◆ **ASSIGNED TASK**
From the material below, return exactly the lines starting at the one that holds "FIG-3. Universal testing machine" and ending at the one that holds "Foot pedal for". Pictures stay out of the answer.

◆ **RECORDS TO USE**
BEGIN

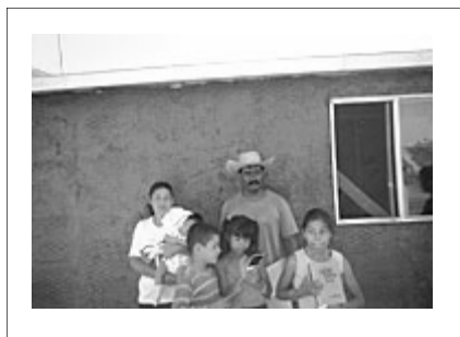
Project Mexico builds homes for the poor
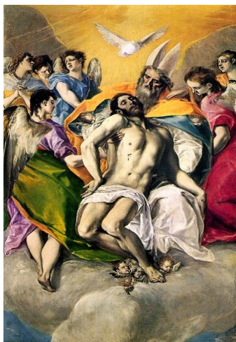
The Most Holy Trinity
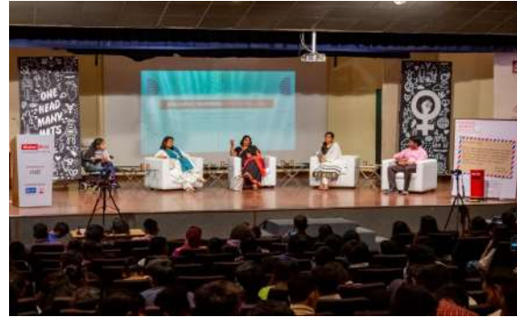
Breaking Barrier: A Panel Discussion
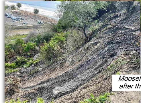
Moosehead Trail after the storms.
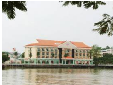
Ninh Keui Hotel
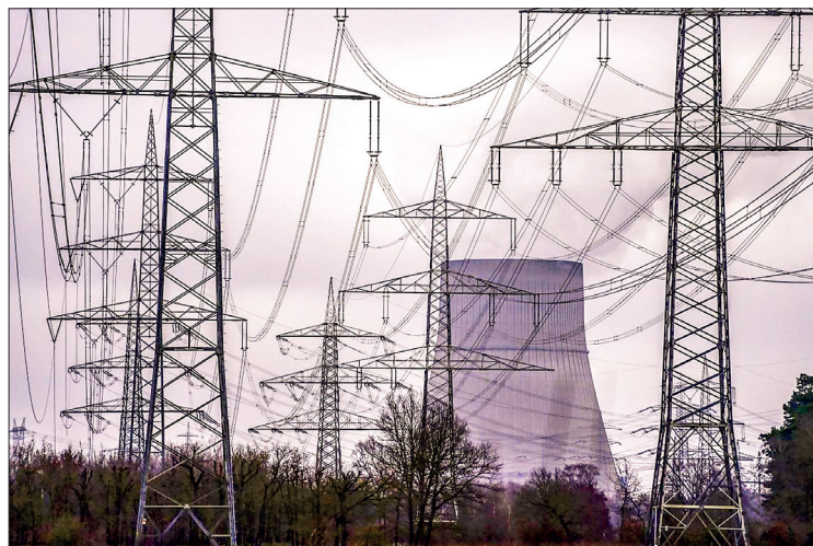
A cooling tower of the Emsland nuclear power plant.

"The legal basis will be created to allow the operation of the nuclear power plants Isar 2, Neckarwestheim 2 and Emsland beyond 31 December 2022 until 15 April 2023," Scholz said in a letter to cabinet ministers seen by AFP. Economy Minister Robert Habeck from the traditionally
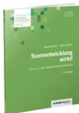
Teamentwicklung wirkt! Ladenpreis: 20,10EUR
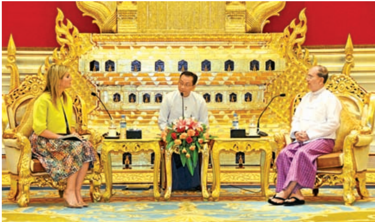
President U Thein Sein (R) meets Queen Máxima of the Netherlands at Credentials Hall of Presidential Palace.—MNA

Also present at the call were union ministers U Soe Thane, U Tin Naing Thein, U Win Shein and U Ye Htut, Governor of the Central Bank of Myanmar U Kyaw Kyaw Maung, deputy minister U Tin Oo Lwin and officials. The queen was accompanied by the Netherlands Ambassador to Myanmar.
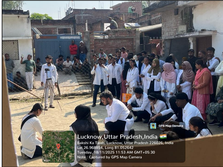
Students performing Street Play at Para Village, Lucknow.
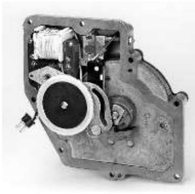
38006-4, -5, -6, 38007-4, -5, -6
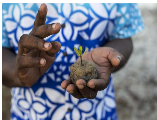
In pictures: Kenya's coastal conservation heroes by UN Environment
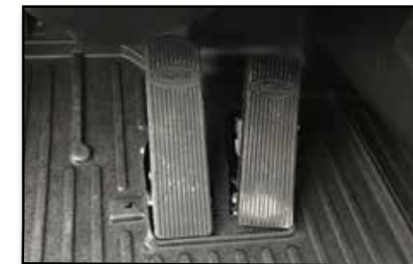
Figure 14 - Driver Mat Installed with Hook
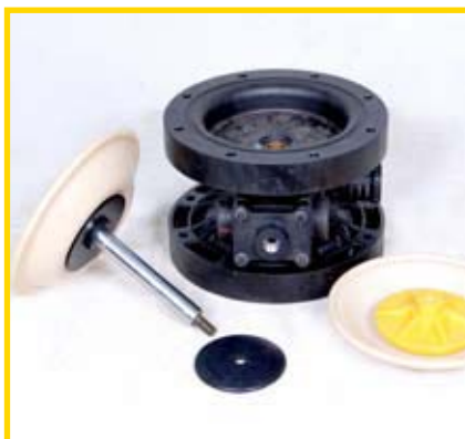
STEP 3 (Fig 3)

Remove the piston block from the shaft block and air cover. (Fig 6). There is no need to dismantle the air covers if there is no air leakage from the air covers. (Fig 6)
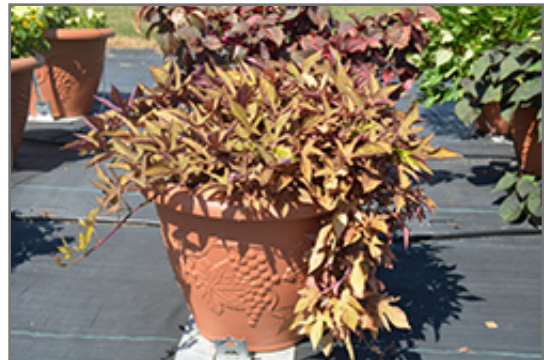
South of the Border Refried Beans Sweet Potato Vine

South of the Border Refried Beans Sweet Potato Vine will grow to be about 8 inches tall at maturity, with a spread of 3 feet. When grown in masses or used as a bedding plant, individual plants should be spaced approximately 12 inches apart. Its foliage tends to remain low and dense right to the ground. This fast-growing annual will normally live for one full growing season, needing replacement the following year.
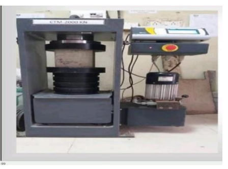
FIG-3. Universal testing machine

compressive strength test were administered and cubes of 150mm×150×150 cube size employing a UTM of 2000 KN capacity as per IS156:1959 The test concluded every 3 days, 14 days and 28days remove the specimen from curing tank and wipe out excess water from surface then put the specimen abroad base plate of the machine rotate the movable portion gently by hand in order that it touches the highest surface of the specimen abroad base plate of the specimen applied the load gradually and Continuous apply till the specimen fails. Record the ulmost load minimum three specimens should be tested at each selected day.
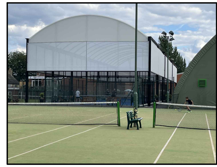
photo 2 - typical canopy over Padel Courts
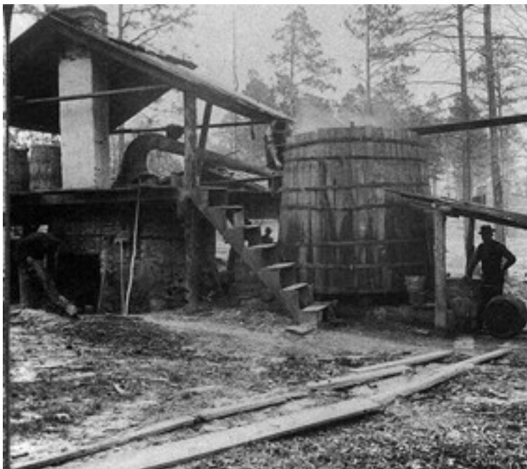
Distilling turpentine from the crude resin in the pine forests of North Carolina 1903 ( DaysGoneBy )

There is a very nice article about the history of turpentine harvest and distillery at the DaysGoneBy website with a lot of old pictures.
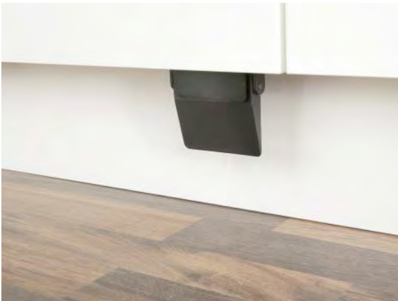
Foot pedal for hinged door cabinets is shown on page 148

Other door operating systems are available
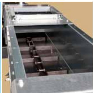
Self-regulating raised inlet.

GALVANISED ENERGY EFFICIENT SERVICE FRIENDLY COMPACT RELIABLE EASILY MOUNTED

END

◆ **SOLUTION FOR THIS TASK**
FIG-3. Universal testing machine

compressive strength test were administered and cubes of 150mm×150×150 cube size employing a UTM of 2000 KN capacity as per IS156:1959 The test concluded every 3 days, 14 days and 28days remove the specimen from curing tank and wipe out excess water from surface then put the specimen abroad base plate of the machine rotate the movable portion gently by hand in order that it touches the highest surface of the specimen abroad base plate of the specimen applied the load gradually and Continuous apply till the specimen fails. Record the ulmost load minimum three specimens should be tested at each selected day.
photo 2 - typical canopy over Padel Courts
Distilling turpentine from the crude resin in the pine forests of North Carolina 1903 ( DaysGoneBy )

There is a very nice article about the history of turpentine harvest and distillery at the DaysGoneBy website with a lot of old pictures.
Foot pedal for hinged door cabinets is shown on page 148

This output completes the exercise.